Я расхохоталась в свою очередь. Он шагнул ко мне:
– Могу я что-то сделать для вас?
– Да!
– Что? – Он был явно заинтригован.
– Заканчивайте! Уже поздно, вы целый день пашете в этой духоте. Если не бросите сейчас же, я реально буду чувствовать себя мучительницей. В выходной надо немного отдохнуть! Вы бы хоть сделали перерыв днем, чтобы окунуться!
– В таком виде я бы не рискнул испачкать ваш бассейн.
Ну да, он был чудовищно грязен.
– На улице есть душ.
– У вас на все найдется ответ!
Я улыбнулась, довольная собой. Он отошел в сторону и надел майку.
– Может, позже сбегаю в автолавку за пиццей.
– Если вы действительно хотите пиццу, то я сегодня ездила на закупки, и у меня в морозилке лежит пицца.
Мое предложение захватило его врасплох. Ничего удивительного – я сама не ожидала, что приглашу его на ужин.
– Хотите проверить, умею ли я плавать?
Меня его вопрос позабавил, я покачала головой, развернулась и ушла.

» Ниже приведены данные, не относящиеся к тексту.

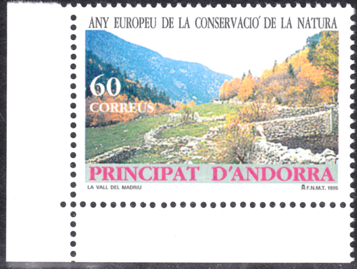 Auch die Spanische Post in Andorra war das Europäische Naturschutzjahr 1995 eine Markenausgabe wert. Hier zeige ich ein Eckrandstück der Marke zu 30 Peseta (MiNr 241) mit einer Landschaftsansicht im Madriu-Tal.
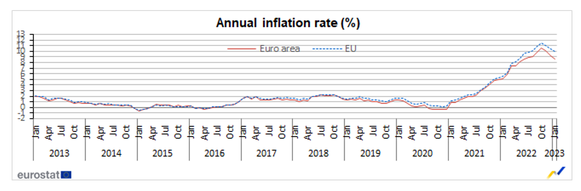 当地时间周四,欧盟统计局公布的数据显示,欧元区1月份CPI同比上涨8.6%,略高于此前预期的8.5%,虽然较去年12月的9.2%有所下降,但仍远高于去年同期的5.1%。

– Поступайте как знаете, а я пойду включу печку.
Пять минут спустя я была на кухне, а моих ушей достиг всплеск от прыжка в воду. Я удовлетворенно кивнула и достала второй прибор. Не желая смущать его, я, пока пицца готовилась, не выходила на террасу. Чтобы не терять время зря, я накрыла столы для завтрашнего завтрака. Все комнаты заняты, то есть мне надо будет накормить восемь человек. Я только-только вынула из печки пиццу, когда в дверь постучали.